Washington Irving remains one of the most recognized American authors of the 19th century, remembered for short stories like Rip van Winkle and The Legend of Sleepy Hollow. He also accomplished other writing feats, including penning George Washington's biography and other life stories. Throughout his life, Irving was at odds with socially-approved ways of "being a man." Irving purportedly saw himself and was seen by others as feminine, shy, and non-confrontational. Likely related to this, he chose to engage with other men's fortunes and adventures by writing, defining his male identity vicariously, through masculine archetypes both fictional and non-fictional. Sitting at the intersection of literary studies and masculinity studies, this reading reconstructs Irving's life-long struggle to somehow win a place among other men. Readers will recognize masculine themes in his tales from the Spanish period, his western adventures, as well as in historical biographies of Columbus, Mahomet, and Washington. In many writings by Irving, especially Sleepy Hollow, readers will observe themes dominated by masculinity. The book is the first of its kind to encompass and examine Irving's writings.

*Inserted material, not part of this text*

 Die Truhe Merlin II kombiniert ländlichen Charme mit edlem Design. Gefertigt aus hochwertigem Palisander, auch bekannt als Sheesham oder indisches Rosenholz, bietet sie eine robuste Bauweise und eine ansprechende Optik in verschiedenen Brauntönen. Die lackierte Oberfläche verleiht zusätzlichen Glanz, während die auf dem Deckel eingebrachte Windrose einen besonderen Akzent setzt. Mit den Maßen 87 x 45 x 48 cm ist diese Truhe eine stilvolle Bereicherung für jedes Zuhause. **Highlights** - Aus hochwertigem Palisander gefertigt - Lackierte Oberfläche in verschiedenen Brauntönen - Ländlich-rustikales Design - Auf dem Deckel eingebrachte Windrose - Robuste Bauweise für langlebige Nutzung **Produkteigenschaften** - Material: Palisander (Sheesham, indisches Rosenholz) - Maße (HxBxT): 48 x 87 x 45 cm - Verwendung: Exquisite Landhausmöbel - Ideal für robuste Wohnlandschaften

Writing Manhood in Black and Yellow

Writing Manhood in Black and Yellow
Title Writing Manhood in Black and Yellow PDF eBook
Author Daniel Y. Kim
Publisher Stanford University Press
Total Pages 324
Release 2005
Genre Literary Criticism
ISBN 9780804751094

Download Writing Manhood in Black and Yellow Book in PDF, Epub and Kindle

This book is a comparative study of African American and Asian American representations of masculinity and race, focusing primarily on the major works of two influential figures, Ralph Ellison and Frank Chin.